| ^^meal tax |
I have personally spoken with Jeff McKay (Board of Supervisor) about it. His response was lukewarm--"we tried one 20 years ago and it failed. It takes years to educate citizens on voting on meals tax...." It was a pretty weak answer. I think that more folks need to approach the Board of Supervisors (NOT the board of education--they do not set taxes) about this. We need elected officials who can have the guts to do the right thing and raise some taxes. There is no way we can continue to think that we'll get the same with less. |
|
We contact the supervisors. Ours is Herrity and he insists the school budget is fully funded.

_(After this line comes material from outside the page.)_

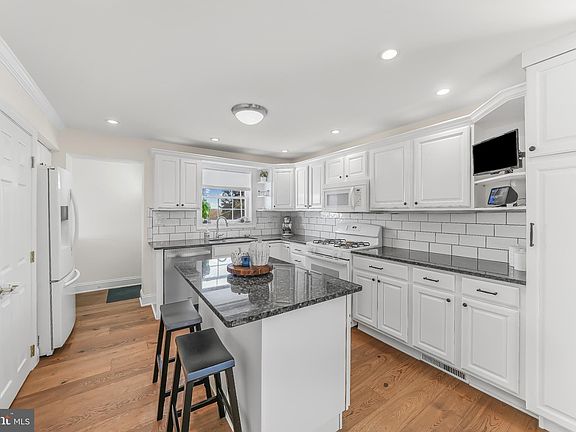 Welcome to 565 Kirk Drive — a picture-perfect brick colonial in Springfield’s highly sought-after Rolling Green community. This beautifully maintained home blends timeless character with thoughtful modern updates throughout.The newly remodeled open-concept kitchen is anchored by a large center island with granite countertops, a gas range, abundant cabinetry with soft-close drawers and doors, and generous counter space,—making it a natural gathering spot for everyday living and entertaining. The main level also features new flooring throughout, a spacious living room with crown molding, a full bath, and a four-season addition with a vaulted ceiling and direct access to the driveway. Upstairs, you’ll find four nicely sized bedrooms, including an oversized primary bedroom with recessed lighting and tons of natural light. An updated hall bath and convenient second-floor laundry is tucked neatly behind double doors. Outdoor living shines with a covered front porch featuring a beadboard ceiling and lighting, a rear deck and concrete patio, and a fenced yard with shed. The one-car garage and private driveway offer convenient off-street parking. Recent major upgrades include a new roof, new HVAC system, and new sewer lateral, providing long-term peace of mind. All of this, just minutes from I-476, I-95, Springfield’s town center, local parks, great schools, and only one block from Rolling Green Golf Club. A move-in-ready home where quality updates meet classic Springfield charm.

Perhaps the schools just need to make some big time cuts. My wife and I both teach for FCPS. I can see how every year the schools look like they are crying wolf. Changes are made, but overall the public doesn't see them. They aren't affected. |
Try 3 months. 194 day contract = less than 39 weeks. That comes to 12 weeks of vacation. I think you are forgetting about all the federal holidays, Thanksgiving vacation, Christmas vacation, Spring break, etc. It does add up. And, you do also get personal leave, don't you? |
I'm happy with my teaching salary. Then again, I don't work for FCPS. |
I don't think people are complaining about the salary compared to number of days, but complaining that fcps teachers are paid so much less than teachers in neighboring counties for the same number of work days. I teach in fcps and am overall happy there, but if I was just starting out again, I would definitely look in Arlington instead because of the higher pay. I live in Arlington so the commute would be great, too. |
Some of us citizens, even with children, do not want a meals tax. Raise property taxes, put in casinos, raise regular food taxes, I don't care, but I DO NOT want a meals tax. |
| DCPS ranks up there with Arlington, but I don't know any of my teacher friends who are clamoring to teach in DCPS. The ones that are applied for Arlington and Fairfax, but were not hired. |
Because it's a progressive tax? Just curious why you are open to other taxes but not that. |
I said this in another thread: I'd support a meals tax in special business districts, like Tyson's, where there are thousands of non-Fairfax residents eating every day. But otherwise, I am friendly with several local restaurant owners, I love my local restaurants and bars, and they don't deserve an arbitrary extra tax placed on their goods and services. Why not have a barber tax? Why not have an accountant tax? Why not a car wash tax? It is the local, small restaurant owners that are not serving thousands of out-of-county residents every day that will feel the pinch. My husband and I take our kid out to eat I don't know, once or twice a week at times - it is truly an enjoyable experience, and we'd feel a pang of annoyance if we saw a 10% tax bill every time we got the check. Meals taxes work better in Arlington and DC because they have a LOT of out of towners eating there every single day. Honestly, this is really unpopular, but I think that if the state raised the food tax 1%, the state and county could make a killing. As much as my husband and I spend on restaurant eating, our grocery bill dwarfs that bill exponentially. But, that is considered a regressive tax. And I don't like that in many locales, we are approaching upon Canadian and European level taxes of consumables. |
FCPS has made 500 million in cuts and over 2100 positions since 2008. HALF A BILLION INC CUTS. There is nothing left to cut. Will school continue to be in session? Sure. But if anyone thinks we can maintain any semblance of a high quality education, they are delusional. |
|
The problem is not a lack of money. The problem is how it is spent. Gatehouse needs to cut. Transportation is inefficient. Do we really need instructional coaches? Wouldn't they be more useful in classrooms?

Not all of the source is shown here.